Jugez de ce qu’il devint
Lorsque, pour prix de son zèle,
Il fut de cette maison
Reconduit par le bâton
Vers sa demeure nouvelle.
Un vieux chat, son compagnon,
Voyant sa surprise extrême,
En passant lui dit ce mot :
Tu croyais donc, pauvre sot,
Que c’est pour nous qu’on nous aime !
« Le Chien et le Chat » est une fable de l’écrivain Jean-Pierre Claris de Florian (1755-1794), considéré par beaucoup comme le deuxième plus grand fabuliste français après son prédécesseur Jean de La Fontaine (1621-1695), auquel il souffrit sûrement d’être comparé. Elle porte le numéro 9 dans le livre I de son recueil Fables, qui en compte très exactement une centaine et qui fut publié en 1792.
Ce bref poème, remarquable par la régularité de ses heptasyllabes, débute sur une note positive : un chien qui a été vendu parvient à briser sa chaîne pour retrouver son ancien maître. Comme souvent dans les fables, le meilleur ami de l’Homme incarne donc la loyauté et la fidélité.
Toutefois, ces valeurs ne sont manifestement pas partagées par son ancien propriétaire, qui le reconduit à coups de bâton chez le nouveau.
Apparaît alors un personnage supplémentaire : un chat que l’auteur présente comme étant le « compagnon » du chien.
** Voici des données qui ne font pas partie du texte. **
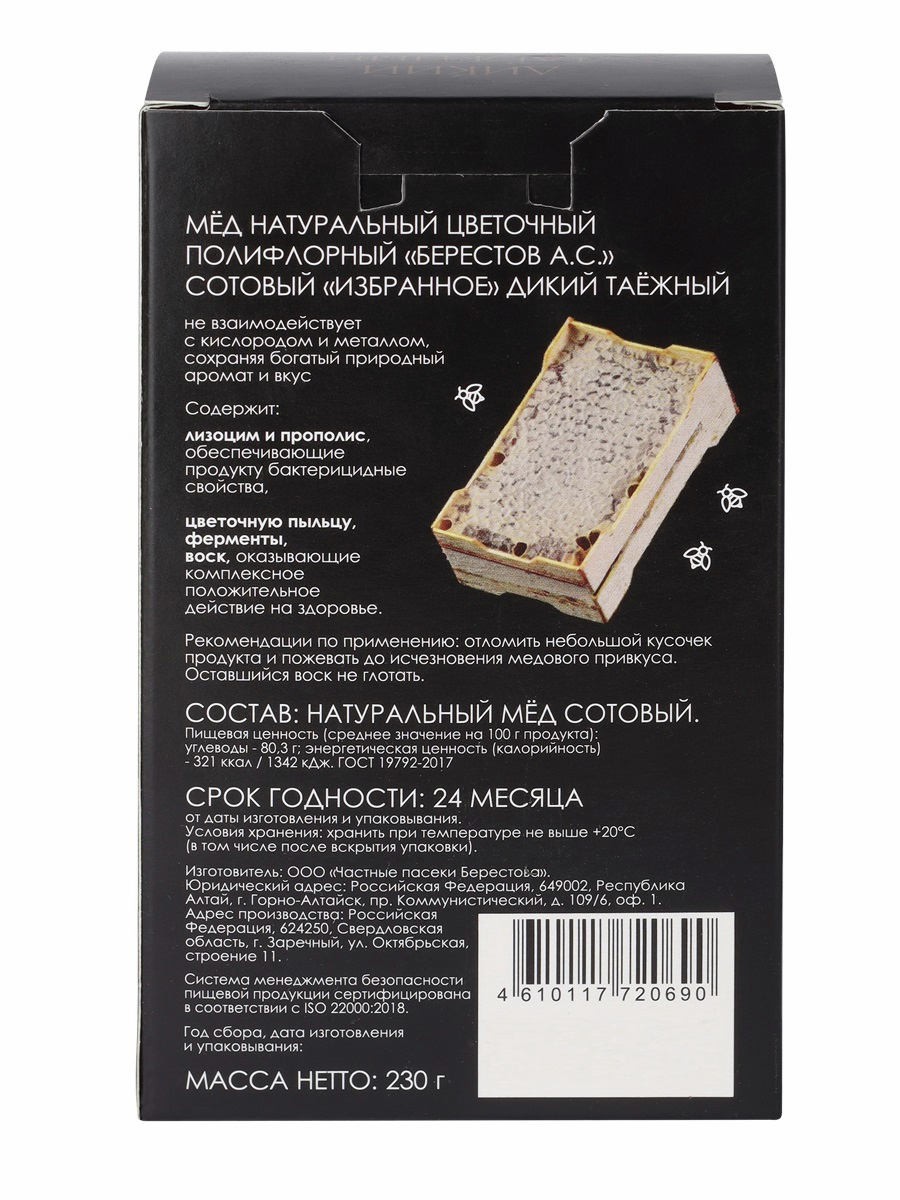 Мед Берестов А.С. Избранное натуральный Сотовый Таежный , 230г

Plus âgé et plus sage, il voit dans l’étonnement de son ami une preuve de la sottise de ce dernier. Sa sentence est nette et tranchée : ce n’est pas pour eux-mêmes qu’ils sont aimés.
Il convient au passage de souligner que Florian figure parmi les premiers fabulistes à faire se côtoyer un chien et un chat dans un même récit. En effet, bien que les deux espèces soient aujourd’hui fréquemment associées au sein des foyers, ce n’était pas le cas avant le 19ème siècle : plutôt que d’être des compagnons domestiques, les chiens servaient avant tout pour sécuriser des biens ou des personnes, chasser ou encore conduire et protéger des troupeaux, tandis que les chats étaient tolérés du fait de leur utilité pour éliminer les nuisibles.
C’est d’ailleurs à cette vision des animaux que cette fable fait la part belle. En effet, si les deux compères ne sont pas aimés pour eux-mêmes, c’est qu’ils le sont pour les fonctions qu’ils occupent.
On remarque en tout cas que ce récit ne comporte pas de morale. Néanmoins, ce qu’il convient d’en conclure est probablement que certains animaux sont exploités et appréciés uniquement pour les services qu’ils peuvent rendre. Et comme une fable est toujours allégorique, qu’il en va de même pour certaines personnes.